Exactly the lines below starting at the line with "Tiffany technikával készített" and ending at the line with "In this study, a" are wanted, with both ends included. Leave out the pictures and add no other lines.

■ Provided information ■
- - - - -
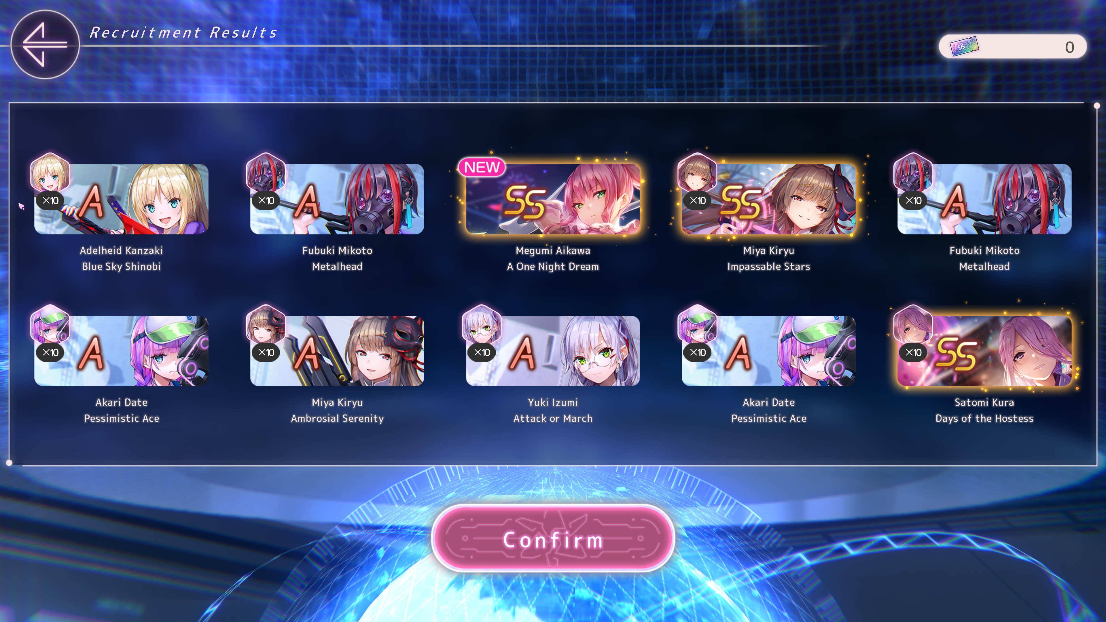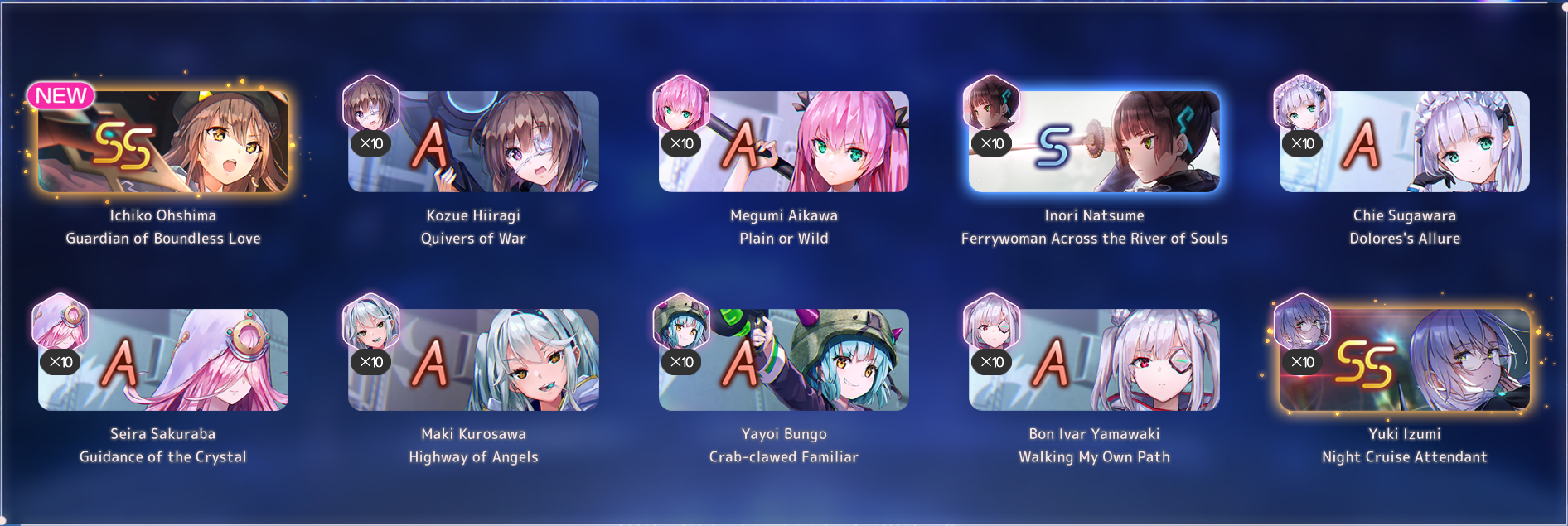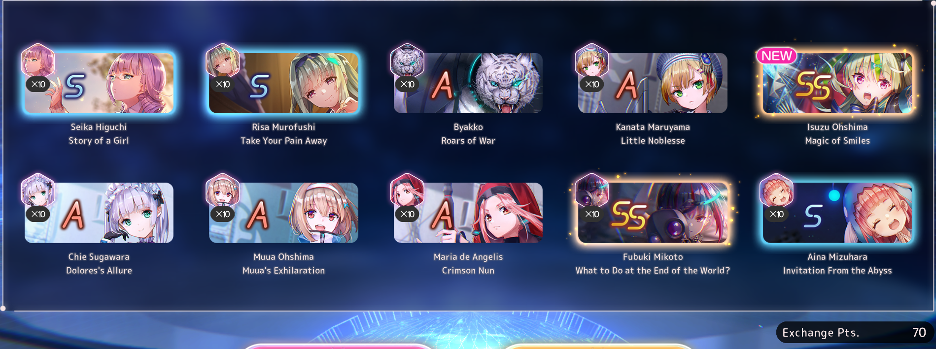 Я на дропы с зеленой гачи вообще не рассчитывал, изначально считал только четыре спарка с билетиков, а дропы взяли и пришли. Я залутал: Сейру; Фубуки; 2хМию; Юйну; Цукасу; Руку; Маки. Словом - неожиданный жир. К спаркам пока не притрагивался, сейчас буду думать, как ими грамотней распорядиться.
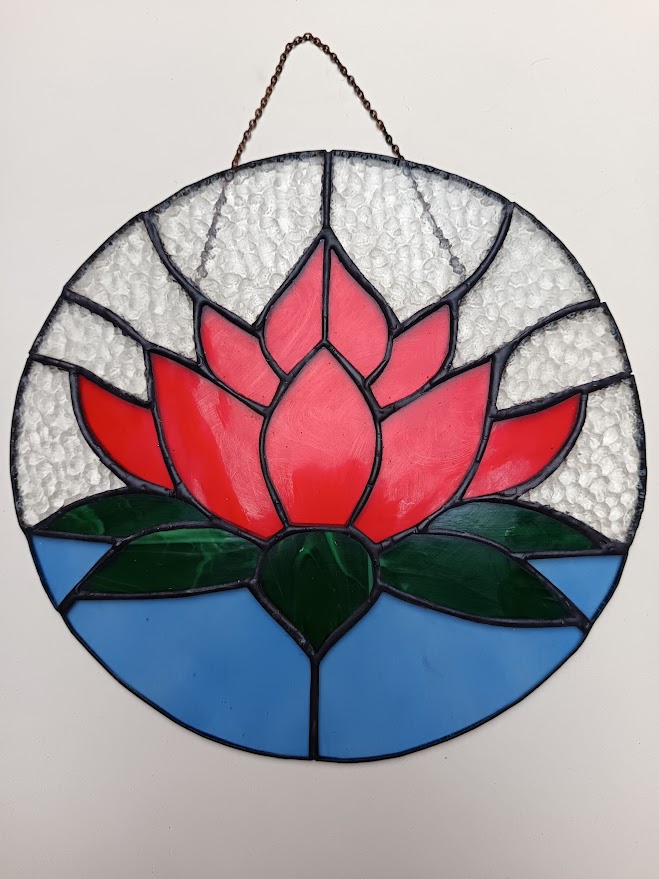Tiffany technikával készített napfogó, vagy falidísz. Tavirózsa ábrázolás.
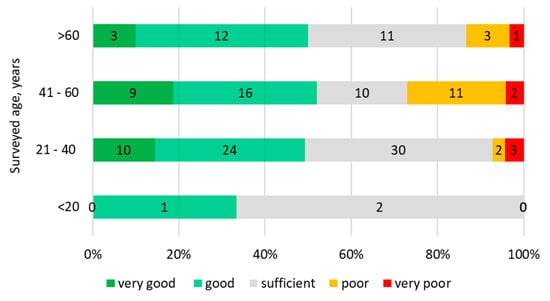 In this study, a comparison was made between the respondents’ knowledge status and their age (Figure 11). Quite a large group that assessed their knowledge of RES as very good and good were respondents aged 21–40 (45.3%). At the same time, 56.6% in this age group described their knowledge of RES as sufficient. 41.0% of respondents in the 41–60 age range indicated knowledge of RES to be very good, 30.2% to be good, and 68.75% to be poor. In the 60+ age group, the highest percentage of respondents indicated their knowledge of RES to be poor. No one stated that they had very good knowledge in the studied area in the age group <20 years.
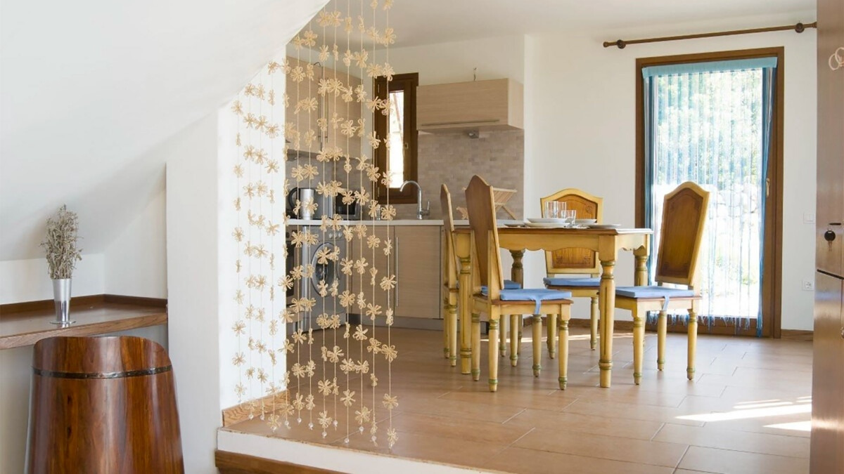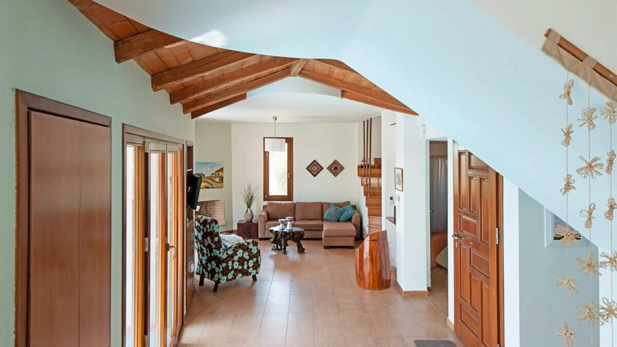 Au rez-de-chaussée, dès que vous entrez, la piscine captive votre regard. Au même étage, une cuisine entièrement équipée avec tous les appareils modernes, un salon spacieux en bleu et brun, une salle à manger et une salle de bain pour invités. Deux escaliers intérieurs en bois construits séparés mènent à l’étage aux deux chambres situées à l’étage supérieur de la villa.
- - - - -
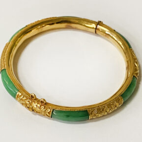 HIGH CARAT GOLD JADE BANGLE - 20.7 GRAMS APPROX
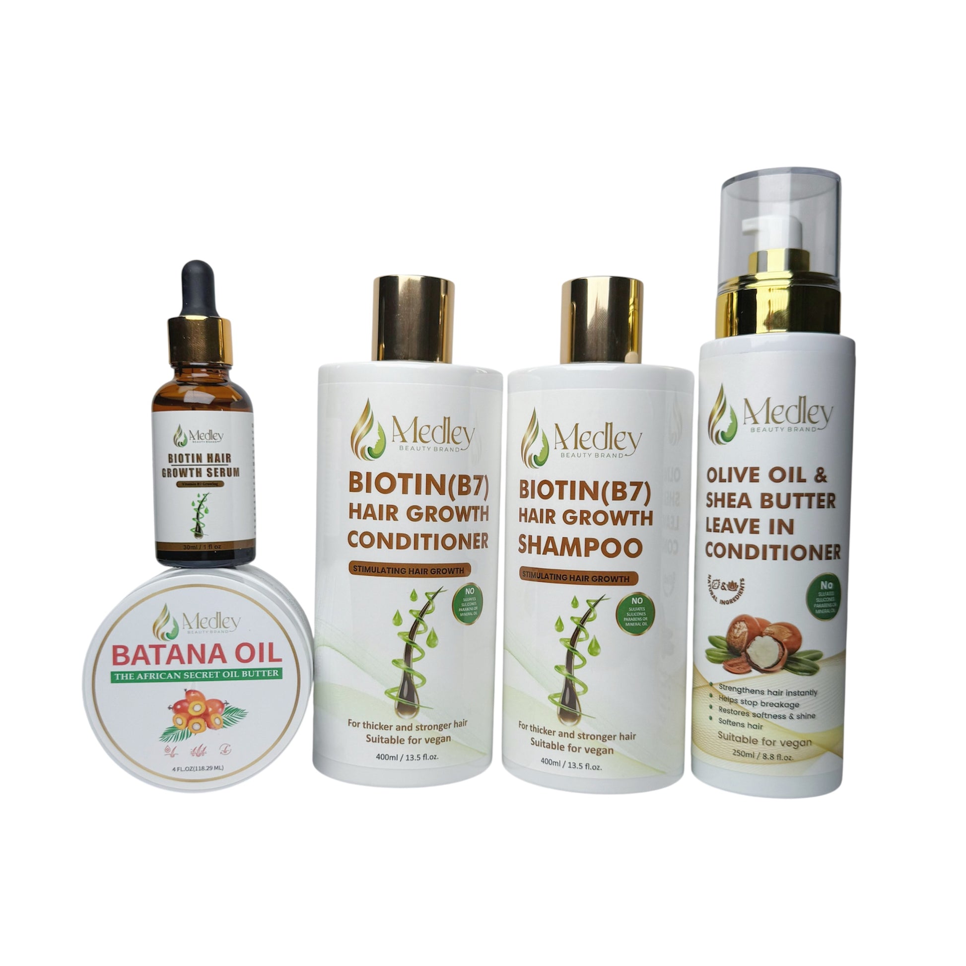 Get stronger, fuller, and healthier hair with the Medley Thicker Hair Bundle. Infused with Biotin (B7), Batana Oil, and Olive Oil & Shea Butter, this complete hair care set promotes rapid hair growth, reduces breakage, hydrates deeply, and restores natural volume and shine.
- - - - -
■ Solution ■
Tiffany technikával készített napfogó, vagy falidísz. Tavirózsa ábrázolás.
 In this study, a comparison was made between the respondents’ knowledge status and their age (Figure 11). Quite a large group that assessed their knowledge of RES as very good and good were respondents aged 21–40 (45.3%). At the same time, 56.6% in this age group described their knowledge of RES as sufficient. 41.0% of respondents in the 41–60 age range indicated knowledge of RES to be very good, 30.2% to be good, and 68.75% to be poor. In the 60+ age group, the highest percentage of respondents indicated their knowledge of RES to be poor. No one stated that they had very good knowledge in the studied area in the age group <20 years.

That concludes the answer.